Freedom, Confinement and Disguise: An Interview with Barbara Guest

Catherine Wagner


I met and interviewed Barbara Guest in Berkeley in November, 1996, when I was a graduate student; Donald Revell, who was my teacher and who knew I loved her work, had asked me to interview her for Colorado Review. Barbara would have been about 76. She kindly picked me up at the BART station and took me for a driving tour of Berkeley, where I’d never been. She pointed out the plane trees on campus—I asked to see them because they were mentioned so often in Quill, Solitary Apparition, then her most recent book (her Selected Poems had come out recently as well).

We turned on the tape recorder when we arrived at her little house in Berkeley. Barbara sat near a wooden spiral staircase in a blue chair that matched her very blue eyes. I was practically shaking with fear during the interview; she was queenly and occasionally (gently) impatient with my questions. She took me out to dinner at an Indian restaurant where I was impressed (I’d been living in Salt Lake City) by paintings of bare-breasted goddesses on the walls. I remember feeling very warm toward her at dinner. I didn’t realize at the time that the interview had probably made her nervous, too; her queenliness vanished at dinner and all my fear left me. She told me stories about New York in the fifties and sixties, about her financial struggles and the masculine culture of the time and the artists and writers she’d known; I have a terrible memory for conversation and I wish I’d written everything down afterward. She gossiped happily and asked me questions about my own writing, and her kindness and anecdotes and encouragements: “Oh, you must get in touch with so-and-so! Don’t be scared of him, he’s very kind”—gave me a sense of a world of poets who supported one another.

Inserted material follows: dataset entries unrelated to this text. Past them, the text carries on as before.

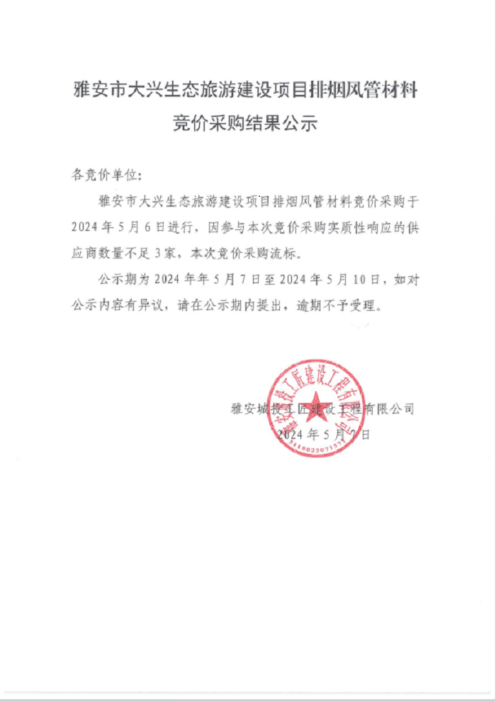 雅安市大興生態(tài)旅游建設(shè)項(xiàng)目排煙風(fēng)管材料競(jìng)價(jià)采購(gòu)結(jié)果公示
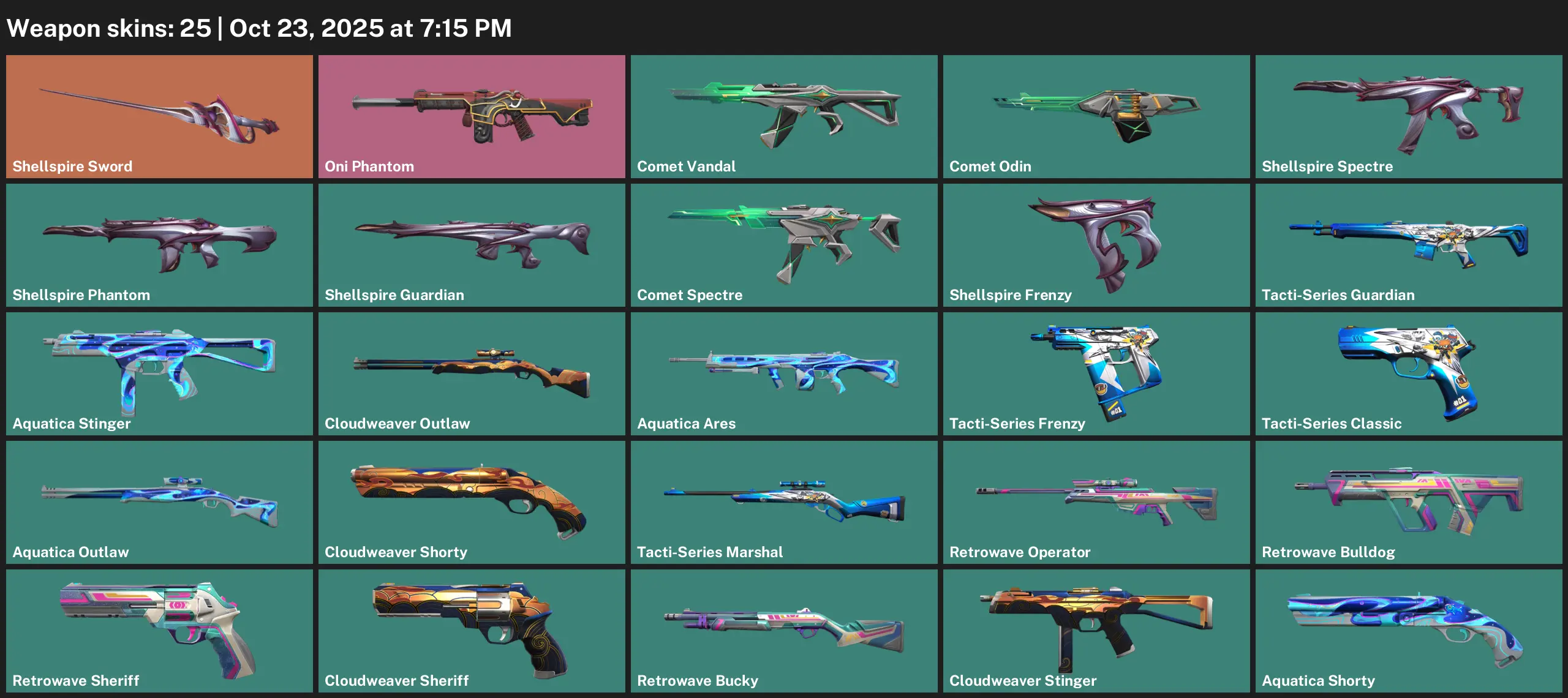😥 EU ⛅️ Unranked 🙊 25 Skins 🌈 125 VP ☀️ 17 Agents 🥝 Value: 1775 VP 🦝 Shellspire Sword 👺 Oni Phantom 🍛 Comet Vandal 🦊 Comet Odin 💊 Shellspire Spectre 🦙 Shellspire Phantom
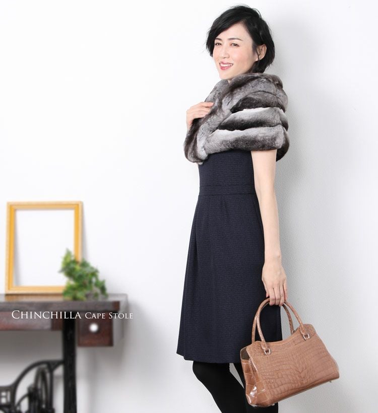 ナチュラル チンチラ ファー ケープ レディース 7F
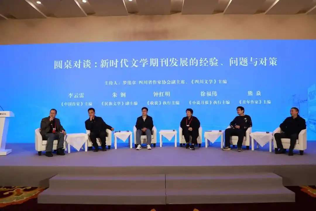 在由《四川文學(xué)》主編羅偉章主持的圓桌討論中,《中國(guó)作家》主編李云雷、《民族文學(xué)》副主編朱鋼、《收獲》執(zhí)行主編鐘紅明、《小說(shuō)月報(bào)》執(zhí)行主編徐福偉、《青年作家》主編熊焱,就“新時(shí)代文學(xué)期刊發(fā)展的經(jīng)驗(yàn)、問(wèn)題與對(duì)策”展開(kāi)深入對(duì)話。與會(huì)嘉賓結(jié)合辦刊實(shí)踐,分析當(dāng)前文學(xué)期刊發(fā)展中的難點(diǎn)與機(jī)遇,總結(jié)創(chuàng)新經(jīng)驗(yàn),共同探索高質(zhì)量發(fā)展路徑。其中李云雷在討論中特別提及新大眾文藝、素人寫(xiě)作等前沿議題。
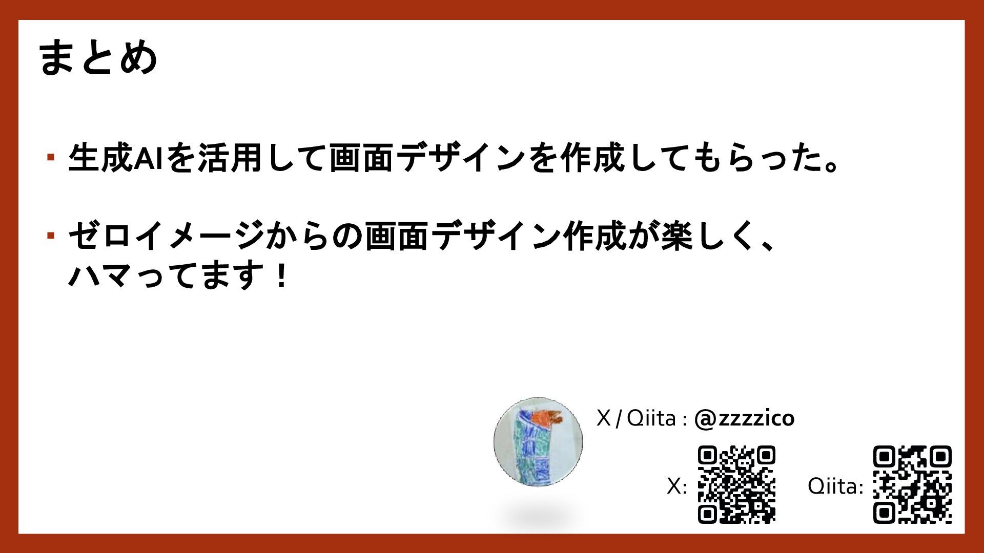 ・生成AIを活用して画面デザインを作成してもらった。 ・ゼロイメージからの画面デザイン作成が楽しく、 ハマってます! まとめ X / Qiita : @zzzzico X:

When I sent Barbara the transcript to look over, what she returned surprised me: she altered passages and cut the whole from fourteen single-spaced pages down to three. (I was disappointed because I had looked forward to a larger multiple of the five dollars per page Colorado Review paid.) The version published in Colorado Review (Spring 1997) is more of a Barbara Guest poem than an interview; it’s very lovely and its careful obliqueness bears little resemblance to the below, in which I kept pushing her to explain herself and she resisted, at times explicitly. She was a terribly elegant person and poet and an articulate speaker, but she wasn’t an elegant explainer: explanations require restrictive linearities that can lead to contradictions when you’re talking about something as mysterious as poetry. I think the effort to be linear felt inaccurate to her and irritated her, so she made a poem out of our interview. I hope she wouldn’t mind my sharing the original object in its associative and productive messiness.